Raw 802.15.4 support

[wprzytula]

I built this upon libtock-c implementation.

I focused on providing safe abstractions.

• Tx part is quite bare, i.e. just passing a byte slice. Should it be more structured?
• Rx part is sophisticated. There are:
  • Frame, RxRingBuffer - these build up the ring buffer that is shared with kernel;
  • RxSingleBufferOperator - this encapsulates the buffer and provides safe operations on it. It uses a single buffer, which makes it possible to lose some frames when the buffer is not allowed to the kernel. An alternative for that, RxBufferAlternatingOperator that alternates between two buffers, which guarantees no frame loss at cost of doubled memory usage, was deemed unsound by Miri and hence withdrawn from this PR.

Feedback much welcome.

Example is complete.
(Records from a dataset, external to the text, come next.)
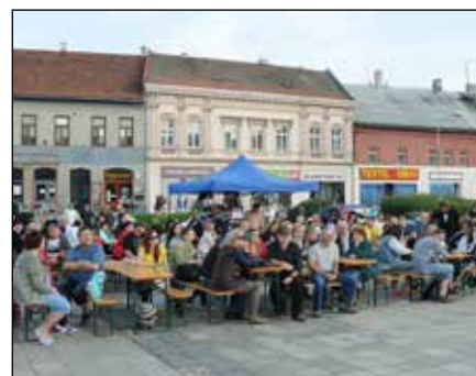
Návštěvníci Hudebního léta
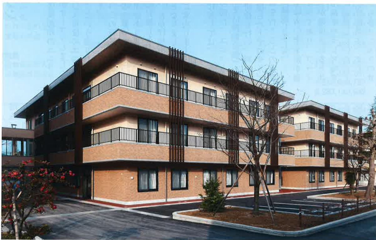
四月からオープンした陽風園初の ユニット型特別養護老人ホーム 万陽苑清風館
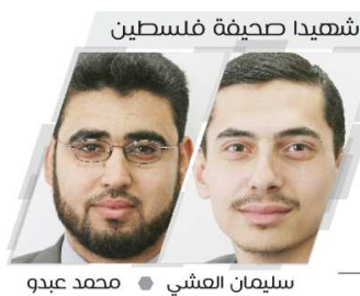
سليمان العشي ● محمد عبود

عمان/ فلسطين: أكدت عضو المكتب السياسي للجبهة الشعبية لتحرير فلسطين، ليلى خالد، أن النضال المسلح هو الطريق الأساسي للشعوب من أجل نيل حريتها، إضافة إلى كل أشكال النضال الأخرى. وقالت خالد في مقابلة متلفزة، أمس، في ردها على سؤال بشأن المقارنة بين النضال المسلح والمفاوضات التي تمت بعد اتفاق أوسلو عام 1993: "إن النضال المسلح غيّب والمفاوضات لم تعط شيئاً"، مؤكدة أن الكفاح المسلح أعطى للشعوب وطناً محرراً من الاستعمار. واستشهدت بدولة الجزائر واستقلالها بعد 130 عاماً من الاستعمار الفرنسي، إذ أنجز انتصار كبير من خلال النضال المسلح. وأردفت: "كل هؤلاء وغيرهم من الشعوب التي حققت انتصاراً لقضيتها، كان بفعل الكفاح المسلح وليس على طاولة المفاوضات". في سياق منفصل، أكدت خالد أنها بصحة جيدة، وقد انتهت من علاج مرض السرطان، مشيرة إلى أنها تمارس حياتها طبيعياً.
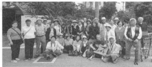
私たちは、堺市西区老人クラブ連合会の活動を応援しています
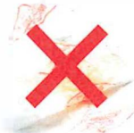
Papiers salis ou gras
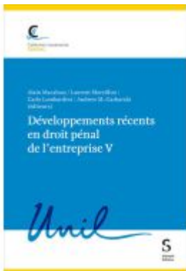
Développements récents en droit pénal de l'entreprise V Ladenpreis: 100,00EUR

Wir haben andere Produkte gefunden, die Ihnen gefallen könnten!
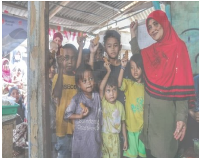
Gambar 4. Pembagian hasil olahan kepada anak-anak nelayan kelurahan keteguhan

hari. Hasil evaluasi juga didapatkan berdasarkan pengawasan oleh tim pengabdian yang dilakukan setelah kegiatan pengabdian selesai dengan cara memantau perkembangan pembuatan olahan ikan di rumah masing-masing keluarga nelayan menunjukkan bahwa para peserta telah mengimplementasikan pelatihan dengan baik karena terbukti istri-istri nelayan memasak berbagai olahan ikan di rumah untuk dikonsumsi bersama keluarga.
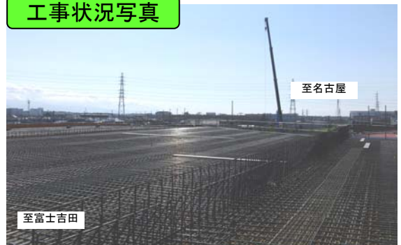
平成 26 年 10 月撮影 潤井川橋の床版鉄筋工が完了しました。
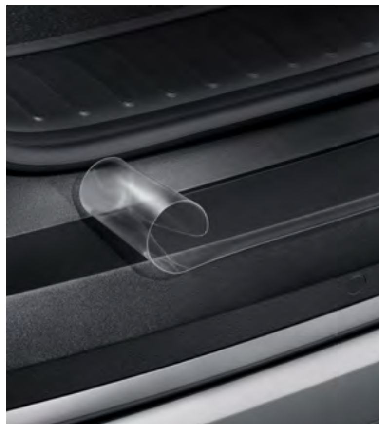
Lámina adhesiva de protección para el paragolpes trasero, transparente

Esta eficiente y discreta lámina adhesiva protege el paragolpes trasero de posibles daños mientras cargas y descargas cualquier objeto.
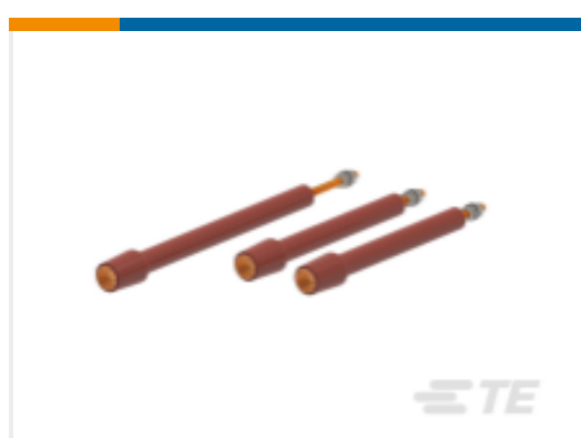
TE 产品编号 CN9358-011 RSTI-68TRA
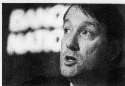
JACQUES NADEAU LE DEVOIR La Banque Nationale, dirigée par Louis Vachon, a terminé son premier trimestre avec un bénéfice net de 69 millions.

Les données ont cependant été amputées par de nouvelles radiations liées aux PCAA. À l'instar
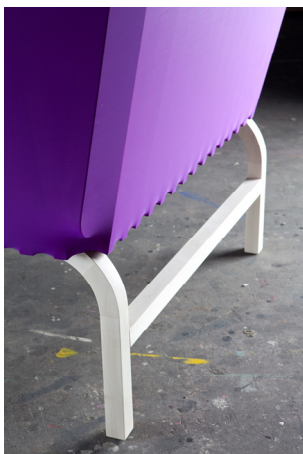
SPAZIALE SERIES AF LANZAVECCHIA + WAI OUR, DETALJE FRA STOL
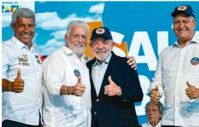
O governador Jerônimo Rodrigues, Jaques Wagner, Lula e Rui Costa em cerimônia em Salvador
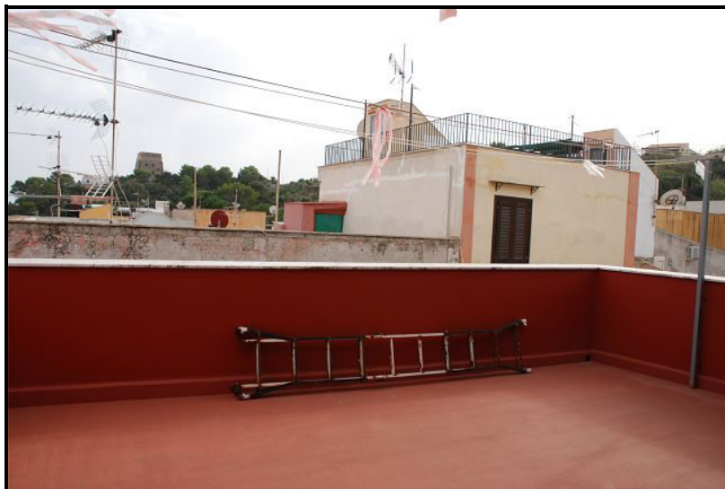
Terrazza / Terrasse
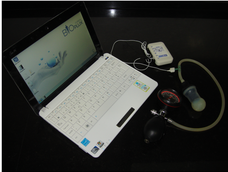
Figura 3 – Computador para onde são enviados os sinais de pressão, via Bluetooth.
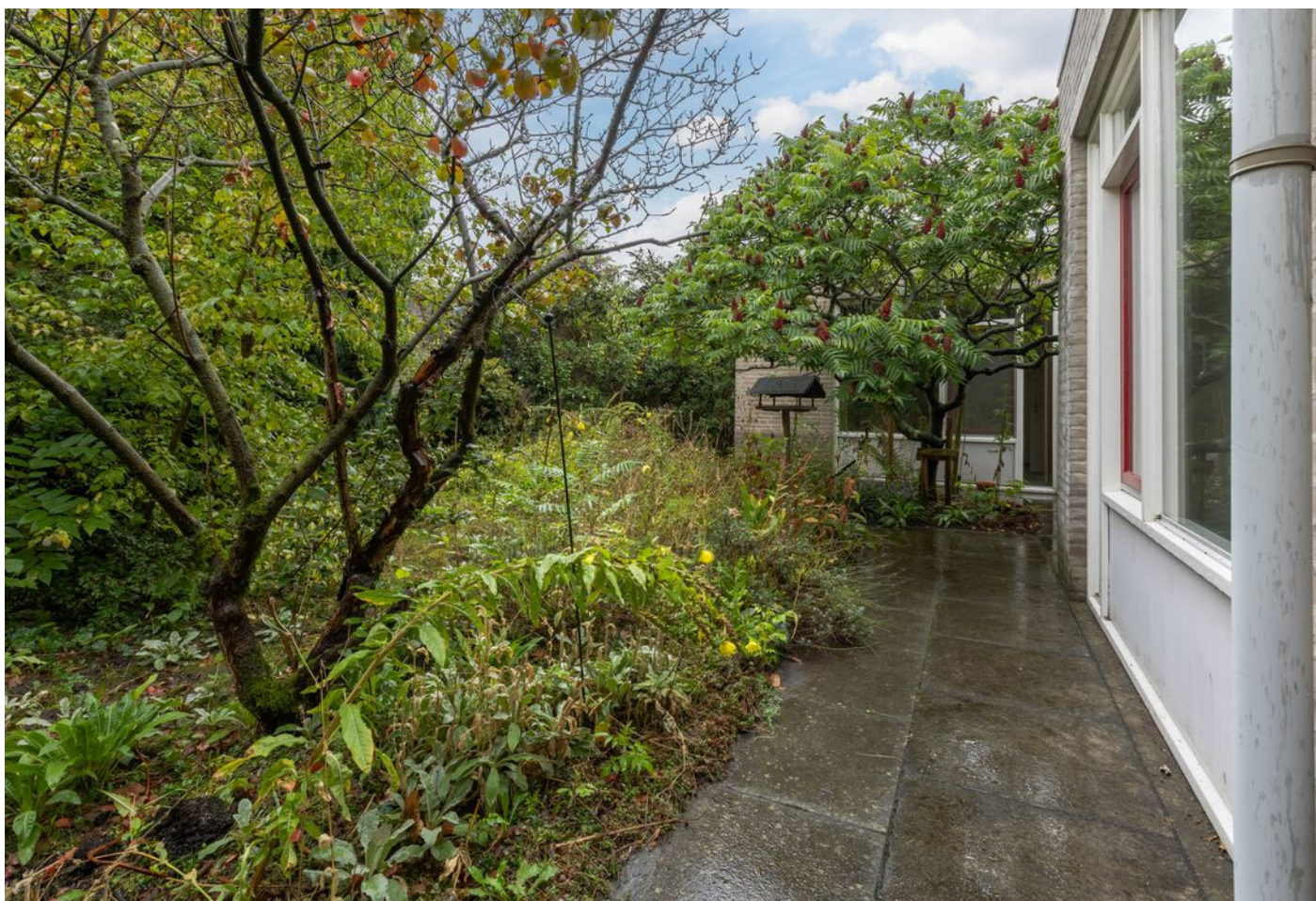
Turfveldenstraat 4, Eindhoven
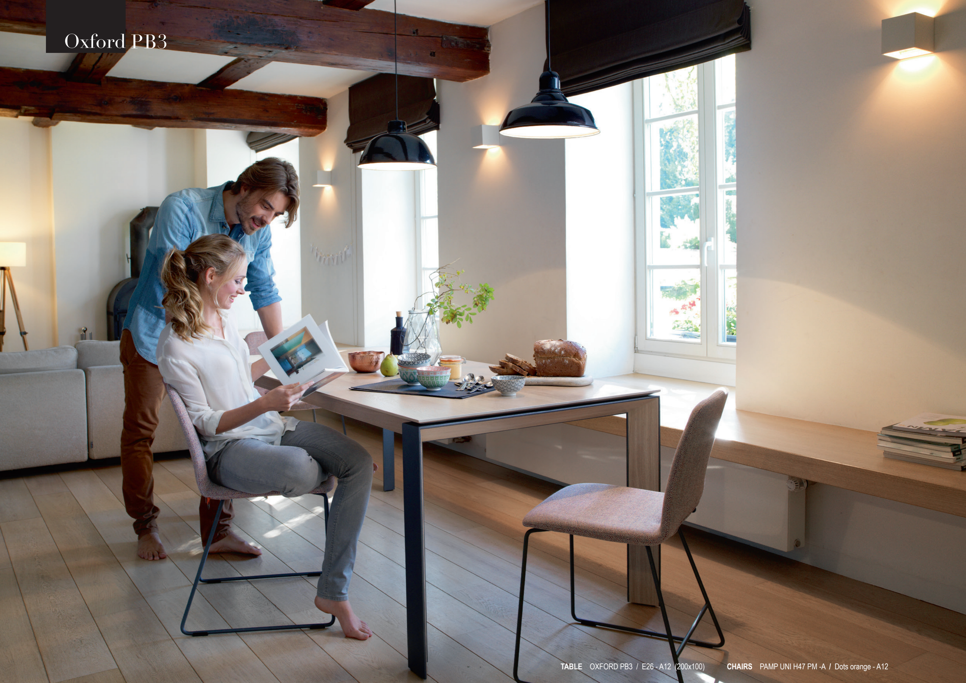
TABLE OXFORD PB3 / E26 - A12 (200x100)

CHAIRS PAMP UNI H47 PM - A / Dots orange - A12
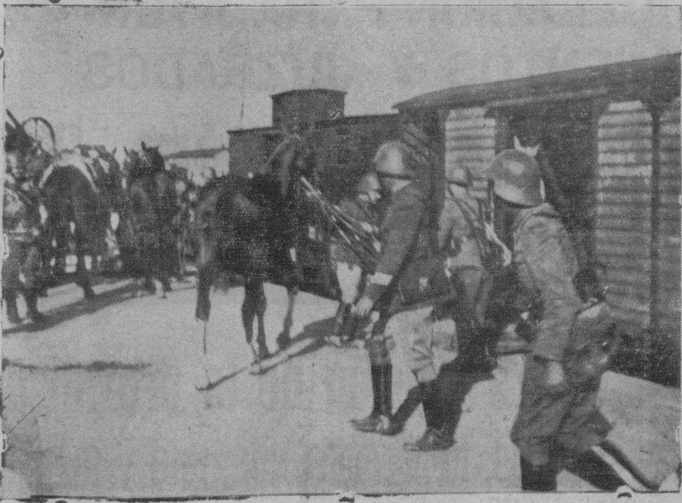
Soldados del Regimiento de Calatrava, efectuando el embarque de los caballos para marchar al frente
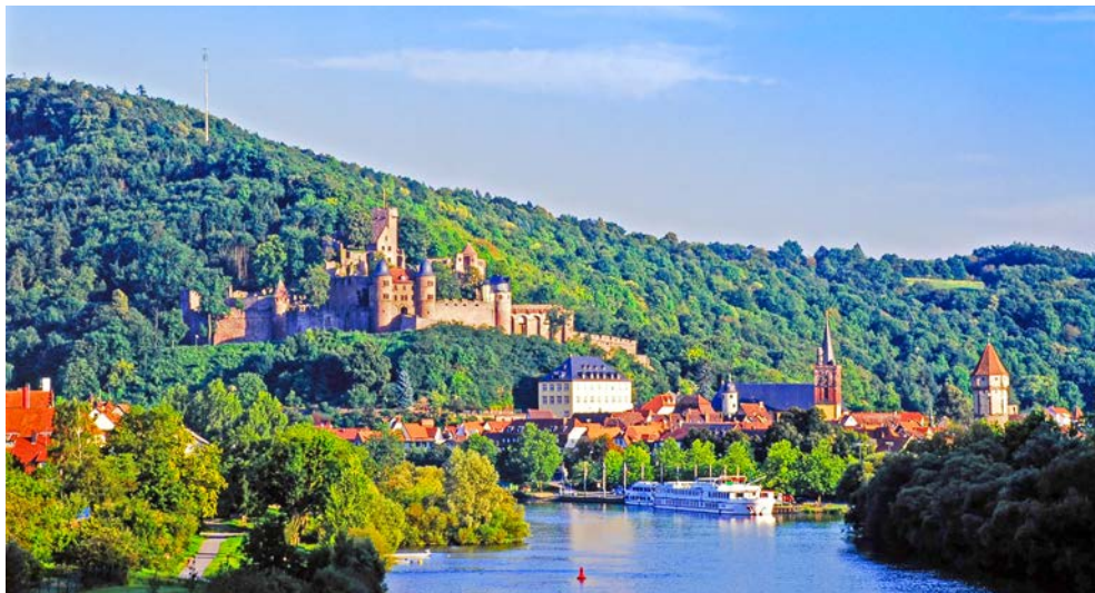
Wertheim lohnt mehr als einen Blick
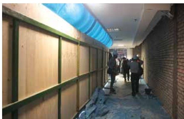
Kerja-kerja Pembinaan UTC KOMTAR

Projek terbaru yang dilaksanakan adalah penubuhan "Urban Transformation Centre" (UTC), KOMTAR, Pulau Pinang. Ia merupakan projek usahasama antara Kerajaan Negeri (melalui PDC) dan Kerajaan Pusat melalui Kementerian Kewangan (MOF) untuk mewujudkan pusat sehenti yang terdiri daripada pelbagai jabatan kerajaan untuk memberi pelbagai perkhidmatan kepada orang ramai. Ianya kini sedang dalam pembinaan dan dijangka akan beroperasi pada pertengahan Tahun 2020.
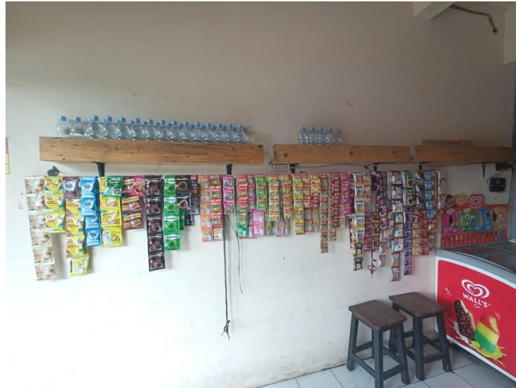
Gambar 11. Interior dapur minuman
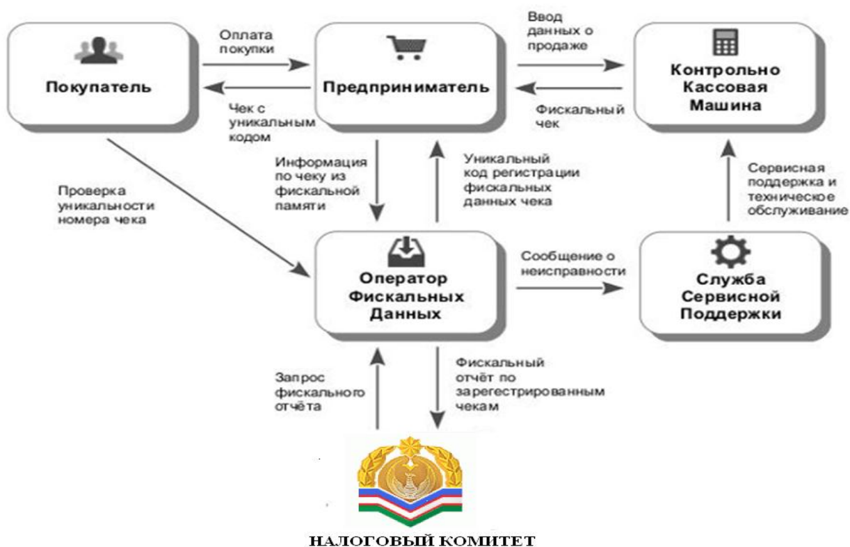
Рис.2. Механизм информационного обмена контрольно кассовых машин в «on-line» режиме

основным инструментом функционирования теневой экономики. Соответственно противодействие теневой экономике должно обеспечивать информационную безопасность фискальных данных. Одним из ключевых средств противодействия этим угрозам является организация передачи фискальных данных в режиме «онлайн» от продавца в налоговые органы на примере рисунка №2. Этому способствует рост технической оснащённости предпринимателей средствами фискального контроля, а также широкий охват сетью телекоммуникаций.
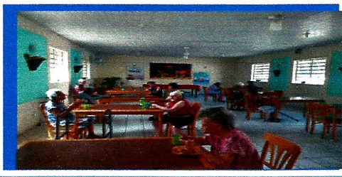
Dia: 18 Atividade Festiva Lanche festivo
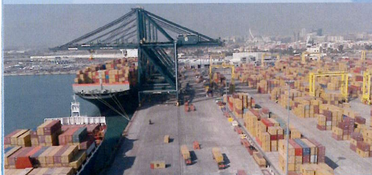
Grand port maritime de Marseille

Το έργο ξεκίνησε τον Ιούνιο του 2010 και αναμένεται να ολοκληρωθεί το Νοέμβριο του 2012.
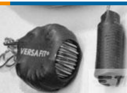
TE 产品编号CZ8200-000 VERSAFIT-3/4-0-2.25IN
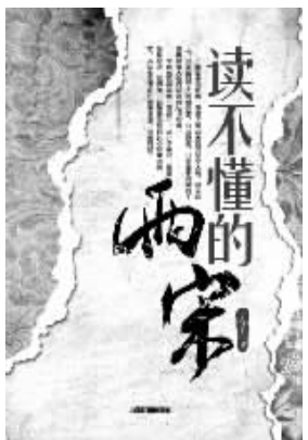
丁守卫 著 中国铁道出版社友情推荐

该书作者周文重,祖籍江苏,1945年出生于重庆,幼年随父母迁居上海。20世纪60年代毕业于北京对外贸易学院,1973-1975年在英国巴斯大学、伦敦经济学院进修。留英回国后供职于外交部,先后在翻译室、美大司工作;历任驻巴巴多斯、安提瓜和巴布达、澳大利亚、美国大使;曾任外交部部长助理、副部长。本书以白描的手法忠实地记录了作者2005-2010年任中国驻美国大使期间亲身经历的十二件事,从一个侧面反映了中美关系的历程。
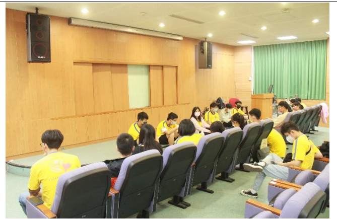
雅愉老師帶領志工進行活動反思
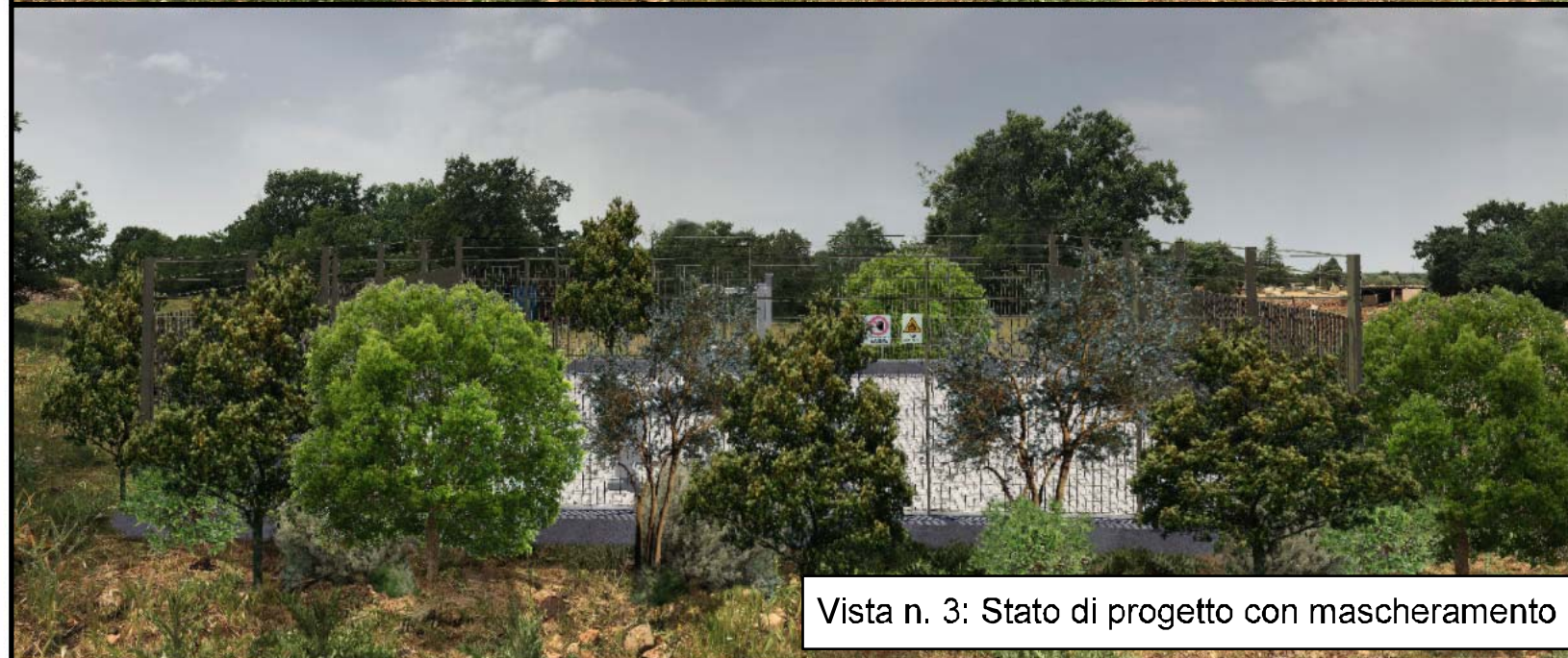
Vista n. 3: Stato di progetto con mascheramento

Unit tests are done. Conducted basic tests on hardware as well.

[alevy]

Looks good!

[alevy]

Tx part is quite bare, i.e. just passing a byte slice. Should it be more structured?

I do not think it should be more structured.

[tyler-potyondy]

Overall looks good to me (from the 15.4 side of the world; I'm less familiar with libtock-rs and can't speak too much on that front)! A few comments:

• The ring buffer size should be the 15.4 frame size + some meta data (this is explained in the 15.4 capsule driver). Looking through this, it seems your ring buffer is just 127 bytes (15.4 frame size).
• It appears you are not implementing the ring buffer (just swapping two buffers). This is entirely fine (and will work for most applications). You may need to implement handling multiple packets within each ring buffer if you face workloads with heavy/frequent packet reception (e.g. OpenThread). Swapping buffers is better than just using one buffer, but can still experience dropped/overwritten packets in the case of multiple packets being received prior to the swap.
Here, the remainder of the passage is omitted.